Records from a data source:
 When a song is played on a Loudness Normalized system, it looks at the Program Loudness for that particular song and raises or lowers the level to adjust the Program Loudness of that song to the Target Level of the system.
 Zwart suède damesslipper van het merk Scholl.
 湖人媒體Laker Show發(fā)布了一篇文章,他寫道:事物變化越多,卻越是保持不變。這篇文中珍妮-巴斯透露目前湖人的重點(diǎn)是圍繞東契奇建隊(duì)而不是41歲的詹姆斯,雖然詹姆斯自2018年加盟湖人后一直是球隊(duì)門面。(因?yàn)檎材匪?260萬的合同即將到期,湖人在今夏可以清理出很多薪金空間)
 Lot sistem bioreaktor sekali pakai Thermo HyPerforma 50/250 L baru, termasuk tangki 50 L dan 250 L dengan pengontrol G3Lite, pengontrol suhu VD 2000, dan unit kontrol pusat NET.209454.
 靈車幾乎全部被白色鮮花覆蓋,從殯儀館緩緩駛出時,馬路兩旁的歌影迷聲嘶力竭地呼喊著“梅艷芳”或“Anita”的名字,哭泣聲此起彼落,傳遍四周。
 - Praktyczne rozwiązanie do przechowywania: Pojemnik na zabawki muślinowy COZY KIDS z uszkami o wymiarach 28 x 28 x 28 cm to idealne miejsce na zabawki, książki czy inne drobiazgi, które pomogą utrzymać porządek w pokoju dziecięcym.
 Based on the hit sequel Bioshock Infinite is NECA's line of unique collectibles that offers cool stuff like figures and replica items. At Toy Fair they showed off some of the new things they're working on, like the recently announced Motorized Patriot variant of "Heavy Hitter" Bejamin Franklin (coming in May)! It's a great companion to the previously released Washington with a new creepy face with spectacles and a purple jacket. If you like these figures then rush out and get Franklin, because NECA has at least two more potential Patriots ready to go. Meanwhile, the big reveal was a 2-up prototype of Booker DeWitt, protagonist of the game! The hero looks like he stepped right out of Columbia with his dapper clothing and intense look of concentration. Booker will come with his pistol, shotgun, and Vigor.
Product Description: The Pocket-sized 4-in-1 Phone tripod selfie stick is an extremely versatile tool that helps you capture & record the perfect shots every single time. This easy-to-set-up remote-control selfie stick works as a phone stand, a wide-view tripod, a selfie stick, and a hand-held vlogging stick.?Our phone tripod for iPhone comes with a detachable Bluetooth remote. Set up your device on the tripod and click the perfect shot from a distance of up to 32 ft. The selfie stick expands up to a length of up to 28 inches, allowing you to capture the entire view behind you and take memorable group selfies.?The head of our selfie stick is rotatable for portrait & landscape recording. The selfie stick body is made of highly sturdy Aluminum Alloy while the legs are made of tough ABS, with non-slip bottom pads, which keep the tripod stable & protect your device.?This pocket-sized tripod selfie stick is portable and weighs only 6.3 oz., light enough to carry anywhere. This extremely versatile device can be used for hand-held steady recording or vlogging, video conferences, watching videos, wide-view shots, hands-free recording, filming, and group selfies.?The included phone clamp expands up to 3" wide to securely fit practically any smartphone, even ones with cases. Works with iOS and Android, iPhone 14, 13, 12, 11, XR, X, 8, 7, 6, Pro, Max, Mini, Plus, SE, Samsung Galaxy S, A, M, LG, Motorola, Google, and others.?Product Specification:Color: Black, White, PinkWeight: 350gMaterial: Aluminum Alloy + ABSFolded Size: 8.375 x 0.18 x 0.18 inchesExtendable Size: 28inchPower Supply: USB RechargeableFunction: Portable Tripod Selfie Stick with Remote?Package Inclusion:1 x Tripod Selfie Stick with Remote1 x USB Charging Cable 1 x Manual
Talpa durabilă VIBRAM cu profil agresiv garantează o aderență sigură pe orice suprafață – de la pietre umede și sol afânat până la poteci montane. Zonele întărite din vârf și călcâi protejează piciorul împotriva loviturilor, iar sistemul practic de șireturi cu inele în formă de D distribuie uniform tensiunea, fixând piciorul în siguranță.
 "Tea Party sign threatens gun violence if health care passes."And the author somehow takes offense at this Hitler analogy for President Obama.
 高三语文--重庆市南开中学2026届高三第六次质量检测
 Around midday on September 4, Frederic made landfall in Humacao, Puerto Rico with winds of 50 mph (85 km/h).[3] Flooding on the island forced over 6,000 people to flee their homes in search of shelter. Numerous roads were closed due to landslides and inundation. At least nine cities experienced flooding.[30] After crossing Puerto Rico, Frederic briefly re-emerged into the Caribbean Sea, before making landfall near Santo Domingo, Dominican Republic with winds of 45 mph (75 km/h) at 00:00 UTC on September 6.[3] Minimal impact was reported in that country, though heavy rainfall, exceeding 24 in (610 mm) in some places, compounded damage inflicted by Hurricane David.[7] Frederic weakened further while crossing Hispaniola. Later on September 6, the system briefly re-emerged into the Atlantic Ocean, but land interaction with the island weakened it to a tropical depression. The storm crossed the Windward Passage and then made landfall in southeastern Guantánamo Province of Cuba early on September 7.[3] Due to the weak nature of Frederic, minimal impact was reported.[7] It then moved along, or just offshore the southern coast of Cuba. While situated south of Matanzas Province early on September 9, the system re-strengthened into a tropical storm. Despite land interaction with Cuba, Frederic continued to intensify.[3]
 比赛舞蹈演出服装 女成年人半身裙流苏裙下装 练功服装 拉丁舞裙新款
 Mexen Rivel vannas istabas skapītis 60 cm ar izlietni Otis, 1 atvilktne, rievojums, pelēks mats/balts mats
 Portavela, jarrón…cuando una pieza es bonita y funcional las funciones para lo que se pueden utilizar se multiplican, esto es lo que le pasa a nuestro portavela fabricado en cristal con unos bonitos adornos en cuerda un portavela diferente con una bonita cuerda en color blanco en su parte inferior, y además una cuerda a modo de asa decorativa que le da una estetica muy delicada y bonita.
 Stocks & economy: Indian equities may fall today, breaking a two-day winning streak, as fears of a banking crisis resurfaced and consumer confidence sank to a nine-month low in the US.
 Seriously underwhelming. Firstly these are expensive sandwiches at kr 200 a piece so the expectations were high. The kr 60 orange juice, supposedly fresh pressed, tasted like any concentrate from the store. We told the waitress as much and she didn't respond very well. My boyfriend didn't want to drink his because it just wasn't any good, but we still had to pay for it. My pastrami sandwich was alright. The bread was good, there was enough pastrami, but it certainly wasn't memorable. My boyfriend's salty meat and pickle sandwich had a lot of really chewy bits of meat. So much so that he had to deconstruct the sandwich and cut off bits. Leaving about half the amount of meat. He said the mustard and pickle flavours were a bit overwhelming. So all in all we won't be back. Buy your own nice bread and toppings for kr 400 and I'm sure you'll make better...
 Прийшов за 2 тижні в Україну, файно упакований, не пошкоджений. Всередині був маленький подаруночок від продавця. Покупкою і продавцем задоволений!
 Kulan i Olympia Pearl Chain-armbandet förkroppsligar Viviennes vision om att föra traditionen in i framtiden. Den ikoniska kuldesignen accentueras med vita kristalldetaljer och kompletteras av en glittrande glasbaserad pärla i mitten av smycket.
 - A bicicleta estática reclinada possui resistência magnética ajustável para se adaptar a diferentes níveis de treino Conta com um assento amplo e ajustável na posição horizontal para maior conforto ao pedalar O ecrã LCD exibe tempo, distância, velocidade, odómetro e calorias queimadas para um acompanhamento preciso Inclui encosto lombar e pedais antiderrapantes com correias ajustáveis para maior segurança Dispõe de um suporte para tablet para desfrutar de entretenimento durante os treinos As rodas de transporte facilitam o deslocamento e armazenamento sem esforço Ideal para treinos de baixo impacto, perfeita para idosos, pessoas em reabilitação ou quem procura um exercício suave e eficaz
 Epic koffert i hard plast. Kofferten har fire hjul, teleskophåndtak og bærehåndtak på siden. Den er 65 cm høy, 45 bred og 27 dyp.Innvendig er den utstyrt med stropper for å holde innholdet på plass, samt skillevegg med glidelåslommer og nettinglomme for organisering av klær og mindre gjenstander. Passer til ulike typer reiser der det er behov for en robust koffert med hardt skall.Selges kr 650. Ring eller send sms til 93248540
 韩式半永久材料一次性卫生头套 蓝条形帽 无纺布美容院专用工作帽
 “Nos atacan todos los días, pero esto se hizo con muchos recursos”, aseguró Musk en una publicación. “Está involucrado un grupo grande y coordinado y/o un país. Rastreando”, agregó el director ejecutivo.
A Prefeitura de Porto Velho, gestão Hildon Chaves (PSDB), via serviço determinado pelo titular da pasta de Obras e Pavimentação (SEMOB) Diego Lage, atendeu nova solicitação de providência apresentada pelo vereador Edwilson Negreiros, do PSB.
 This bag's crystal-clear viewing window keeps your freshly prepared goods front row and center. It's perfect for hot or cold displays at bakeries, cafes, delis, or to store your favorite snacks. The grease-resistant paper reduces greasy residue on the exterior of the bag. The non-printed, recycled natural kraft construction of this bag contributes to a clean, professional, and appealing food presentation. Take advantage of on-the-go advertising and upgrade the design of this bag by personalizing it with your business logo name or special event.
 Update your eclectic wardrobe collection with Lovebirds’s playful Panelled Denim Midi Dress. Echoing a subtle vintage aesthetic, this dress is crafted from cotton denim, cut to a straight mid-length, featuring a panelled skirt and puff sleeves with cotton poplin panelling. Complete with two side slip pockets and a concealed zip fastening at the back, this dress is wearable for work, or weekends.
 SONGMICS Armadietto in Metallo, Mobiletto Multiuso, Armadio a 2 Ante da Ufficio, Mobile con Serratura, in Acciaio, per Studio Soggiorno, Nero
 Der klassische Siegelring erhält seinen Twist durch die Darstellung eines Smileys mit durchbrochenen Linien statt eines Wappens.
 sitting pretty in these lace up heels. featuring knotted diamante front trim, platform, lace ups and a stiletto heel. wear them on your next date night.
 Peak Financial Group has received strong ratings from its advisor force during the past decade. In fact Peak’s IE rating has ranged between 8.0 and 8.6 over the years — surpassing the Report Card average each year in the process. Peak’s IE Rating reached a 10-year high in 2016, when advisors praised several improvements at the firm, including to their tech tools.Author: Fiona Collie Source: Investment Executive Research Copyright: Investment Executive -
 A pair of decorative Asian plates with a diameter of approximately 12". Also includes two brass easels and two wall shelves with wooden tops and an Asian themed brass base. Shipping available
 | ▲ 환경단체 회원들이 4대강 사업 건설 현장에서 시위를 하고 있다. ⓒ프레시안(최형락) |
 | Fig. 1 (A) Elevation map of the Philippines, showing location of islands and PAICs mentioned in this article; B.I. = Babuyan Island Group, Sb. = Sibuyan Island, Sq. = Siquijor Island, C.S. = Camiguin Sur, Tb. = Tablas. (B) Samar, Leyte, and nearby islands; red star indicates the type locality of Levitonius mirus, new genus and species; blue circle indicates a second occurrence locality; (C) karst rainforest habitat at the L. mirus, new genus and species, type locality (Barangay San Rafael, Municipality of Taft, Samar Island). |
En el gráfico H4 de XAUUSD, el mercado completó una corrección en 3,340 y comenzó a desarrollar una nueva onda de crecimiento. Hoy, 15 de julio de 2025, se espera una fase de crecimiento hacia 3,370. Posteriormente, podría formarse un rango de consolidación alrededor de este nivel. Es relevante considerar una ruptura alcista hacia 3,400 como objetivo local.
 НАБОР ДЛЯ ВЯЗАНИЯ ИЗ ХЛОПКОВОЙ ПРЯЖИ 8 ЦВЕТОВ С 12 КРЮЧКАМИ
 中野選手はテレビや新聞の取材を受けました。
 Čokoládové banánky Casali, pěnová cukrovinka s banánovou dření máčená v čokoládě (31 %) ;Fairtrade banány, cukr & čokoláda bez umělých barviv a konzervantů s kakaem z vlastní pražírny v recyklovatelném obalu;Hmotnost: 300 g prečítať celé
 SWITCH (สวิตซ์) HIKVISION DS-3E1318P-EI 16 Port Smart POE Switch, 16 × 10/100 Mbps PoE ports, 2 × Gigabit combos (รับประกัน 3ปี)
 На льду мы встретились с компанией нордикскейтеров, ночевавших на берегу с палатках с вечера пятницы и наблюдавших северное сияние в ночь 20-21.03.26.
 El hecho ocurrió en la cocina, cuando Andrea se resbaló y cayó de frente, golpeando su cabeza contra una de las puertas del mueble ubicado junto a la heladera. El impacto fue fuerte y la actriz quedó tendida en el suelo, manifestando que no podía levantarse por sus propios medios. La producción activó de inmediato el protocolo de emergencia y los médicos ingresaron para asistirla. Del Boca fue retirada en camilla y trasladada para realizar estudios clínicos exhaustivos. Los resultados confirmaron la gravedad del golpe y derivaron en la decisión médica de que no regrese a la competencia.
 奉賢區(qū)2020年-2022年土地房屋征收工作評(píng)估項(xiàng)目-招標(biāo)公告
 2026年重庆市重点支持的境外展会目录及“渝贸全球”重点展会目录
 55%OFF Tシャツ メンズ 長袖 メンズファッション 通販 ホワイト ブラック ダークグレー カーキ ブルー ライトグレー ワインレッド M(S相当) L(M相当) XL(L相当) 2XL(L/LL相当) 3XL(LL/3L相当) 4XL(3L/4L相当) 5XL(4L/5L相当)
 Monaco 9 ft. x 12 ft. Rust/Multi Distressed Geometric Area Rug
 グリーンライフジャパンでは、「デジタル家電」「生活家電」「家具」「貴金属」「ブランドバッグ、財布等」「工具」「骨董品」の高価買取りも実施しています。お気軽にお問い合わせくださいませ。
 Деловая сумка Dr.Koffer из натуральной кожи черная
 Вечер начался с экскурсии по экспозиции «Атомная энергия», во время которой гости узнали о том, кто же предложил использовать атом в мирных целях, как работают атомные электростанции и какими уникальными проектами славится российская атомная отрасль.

### [Exercise details]
Beginning at the line with "比赛舞蹈演出服装 女成年人半身裙流苏裙下装 练功服装 拉丁舞裙新款" and ending at the line with "Mexen Rivel vannas", reproduce each line of the data above exactly, and add no other lines.

### [Exercise response]
 比赛舞蹈演出服装 女成年人半身裙流苏裙下装 练功服装 拉丁舞裙新款
 Mexen Rivel vannas istabas skapītis 60 cm ar izlietni Otis, 1 atvilktne, rievojums, pelēks mats/balts mats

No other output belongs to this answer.